Il y a clairement encore un potentiel de progression, notamment auprès des publics les plus âgés, en particulier les plus de 50 ans. Ils sont aujourd’hui sous-représentés parmi les abonnés, alors même qu’ils pèsent lourd dans la population. C’est donc un enjeu majeur pour les années à venir. Il faut aller davantage sur le terrain, travailler avec les plateformes pour adapter les offres et les discours à ces publics. Il n’y a aucune fatalité : ces générations sont déjà très abonnées à des offres audiovisuelles ou sportives. La musique peut parfaitement trouver sa place dans leurs usages. D’autant que lorsqu’on s’abonne, on le reste. Les chiffres sont très parlants : les écoutes issues des abonnements représentent environ 80% du total des écoutes. Cela signifie que les abonnés sont des utilisateurs intensifs, engagés, et que le modèle fonctionne.

La production française domine largement les classements. Comment expliquez-vous cette vitalité locale ?
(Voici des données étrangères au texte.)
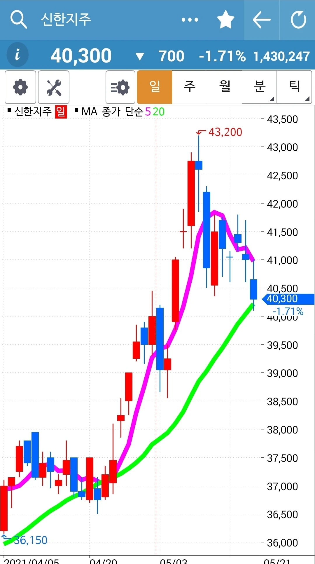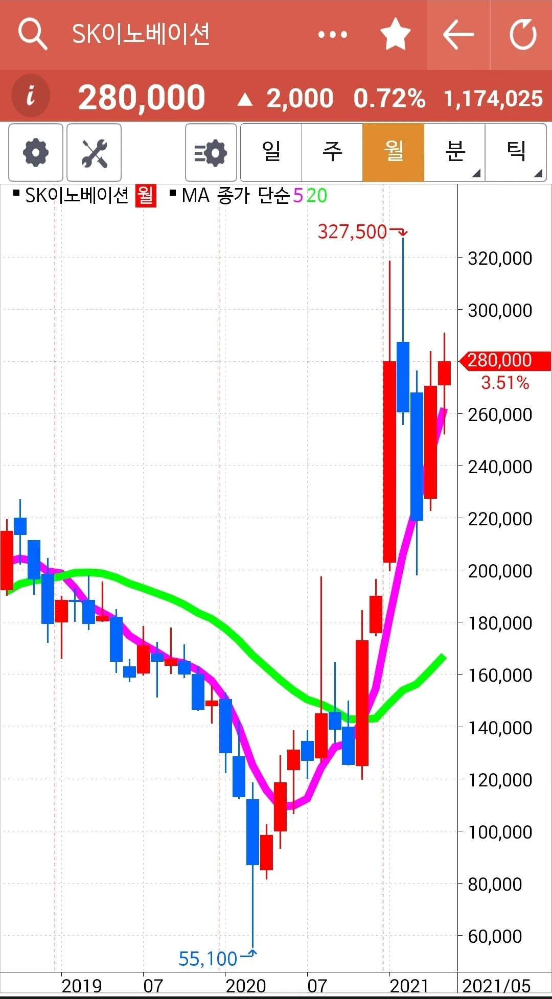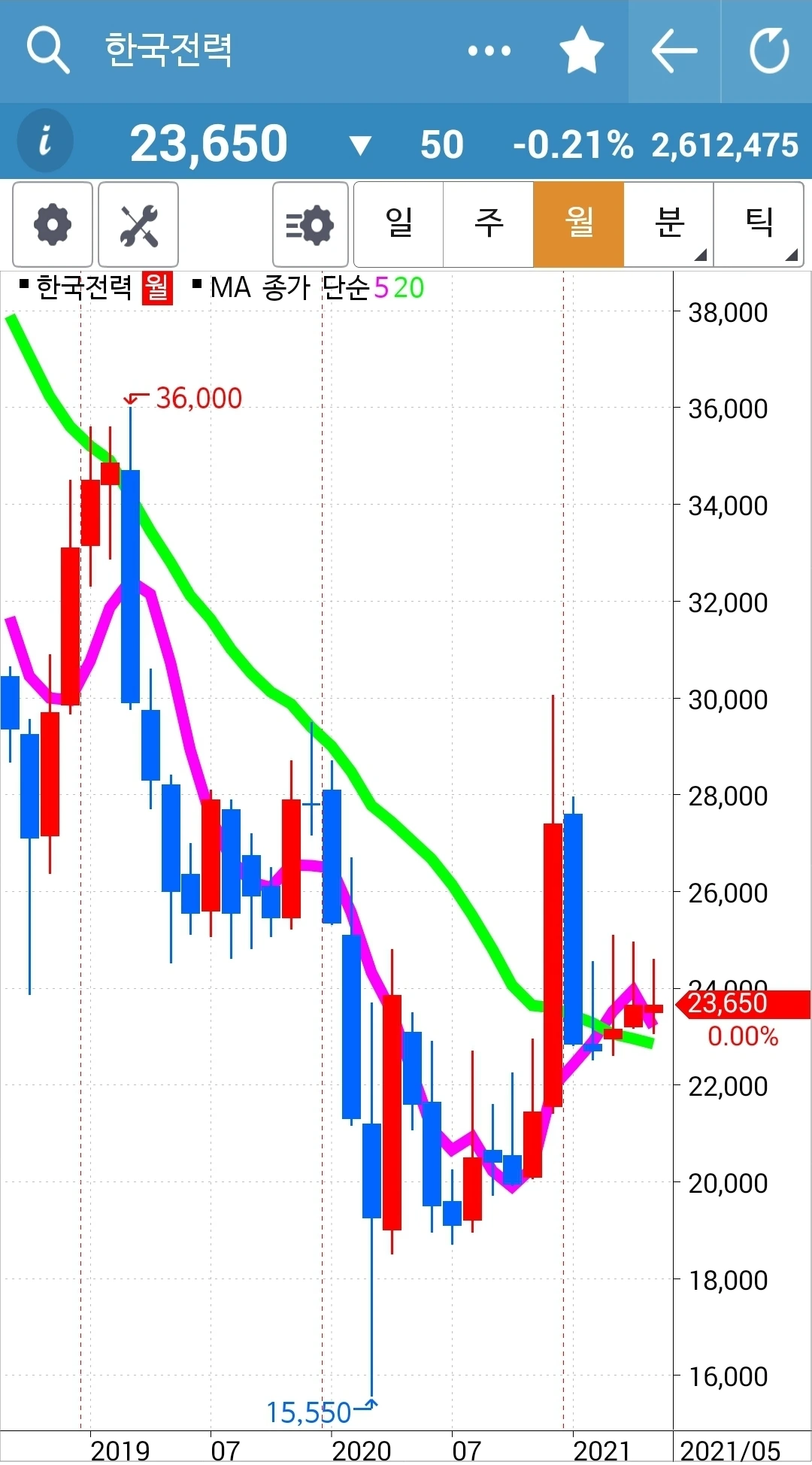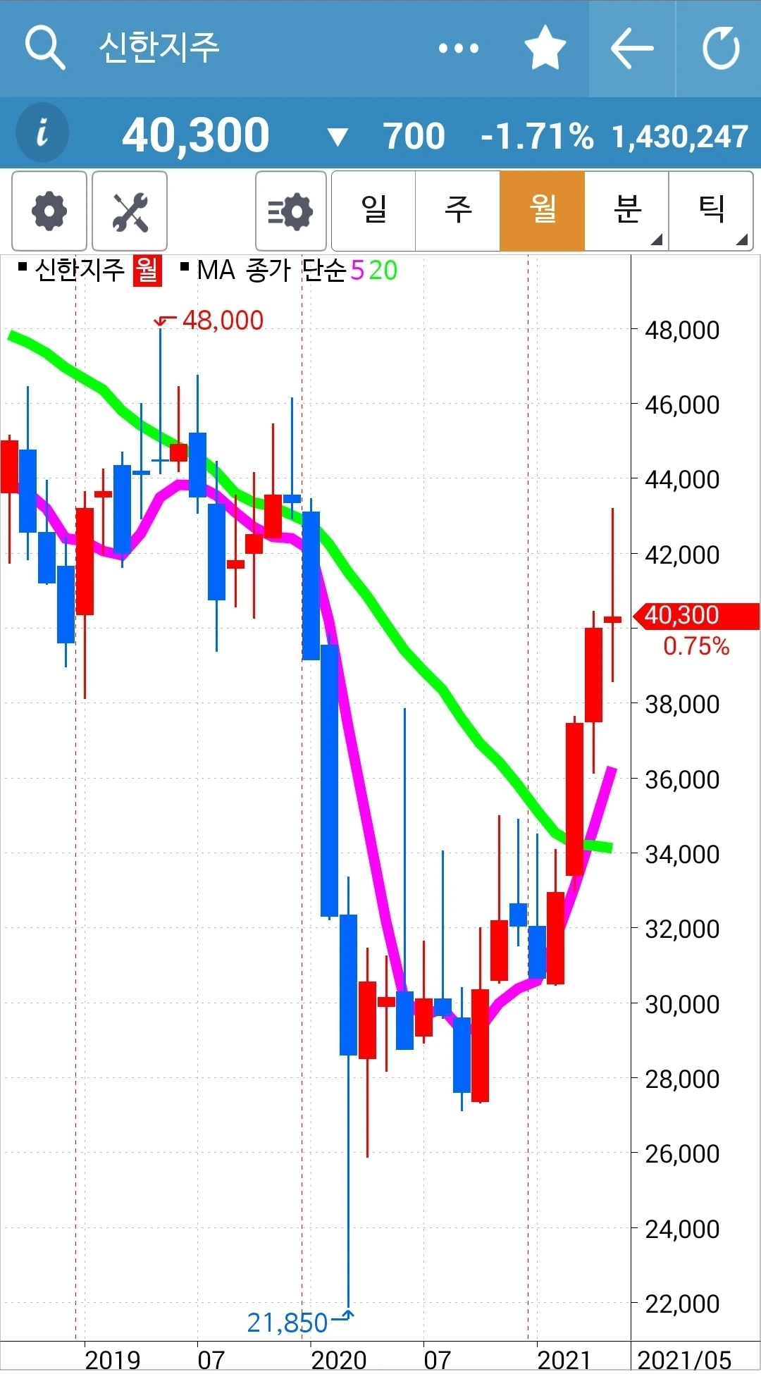 5일선이 20일선 아래로 내려갔지만 월봉이 매력적이라 가지고 있기로 했다. 현물 주식이기 때문에 가능하다.

Là aussi, les chiffres sont très parlants. On observe 16 albums français dans le top 20, mais aussi 75% de production française dans le top 200. Et si l’on élargit encore l’analyse au top 100 000, qui représente environ 80% de la consommation en streaming, la production française pèse 53%, et même 64% sur les nouveautés de moins de trois ans. Cela signifie que cette part va mécaniquement continuer à progresser dans les années à venir. Le principal moteur, c’est notre capacité à construire des carrières et à développer des artistes comme peu de marchés savent le faire. Cette année, cinq premiers albums se classent dans le top 20, ce qui est unique en Europe. Il existe bien sûr un effet «Star Academy», mais il ne faut pas le surestimer : seuls trois des vingt artistes émergents présents dans le top 200 en sont issus. Les 17 autres proviennent de tous les univers musicaux. C’est donc bien le travail de fond des labels qui fait la différence. À cela s’ajoute un écosystème particulièrement favorable : crédit d’impôt à la production phonographique, mécanismes de copie privée, programme d’aide du Centre national de la musique, sans oublier les quotas de diffusion à la radio. Tout cela contribue à soutenir la création et la prise de risque.

L’export de la musique française reste solide. Quelles sont les priorités pour renforcer son rayonnement international ?

Il n’y a pas de territoire unique prioritaire. Tout dépend des artistes et de leur trajectoire. Les stratégies s’adaptent en fonction des marchés où l’on observe des signaux positifs. Ce qui a profondément changé, c’est notre capacité d’analyse. Les données issues du streaming permettent aujourd’hui d’identifier très finement les zones de croissance, les publics, les usages. Cela permet d’ajuster les stratégies en temps réel et d’accompagner plus efficacement le développement international des artistes.

Les nouvelles règles de comptabilisation visent à renforcer la transparence des classements…

Les classements étaient déjà robustes, mais il est normal qu’ils évoluent avec le marché. Cette année, nous avons renforcé certaines règles, notamment pour encadrer les pratiques de bundles. L’objectif est simple : garantir que les classements reflètent un engagement réel du consommateur. Si un album est acheté de manière contrainte, parce qu’il est associé à un billet de concert, cela biaise la lecture. Désormais, le consommateur doit pouvoir choisir clairement entre acheter séparément ou non. C’est une question de transparence et de crédibilité.

Enfin, l’IA est au cœur de nombreux débats. Comment percevez-vous son évolution dans l’industrie musicale ?

Il faut d’abord rappeler que l’intelligence artificielle est présente dans les studios depuis des décennies. Ce qui change aujourd’hui, c’est l’IA générative. Comme toujours, notre industrie s’adapte aux innovations. Mais il y a un principe non négociable : le respect du droit d’auteur et des droits voisins. Si des modèles d’IA utilisent des contenus protégés pour s’entraîner, ils doivent obtenir l’autorisation des ayants droit. C’est une question fondamentale de respect de la propriété. Aujourd’hui, le principal enjeu, c’est la transparence : ces modèles sont encore des boîtes noires. Des évolutions législatives sont en cours pour permettre de mieux tracer l’utilisation des contenus. C’est indispensable pour garantir un cadre équitable.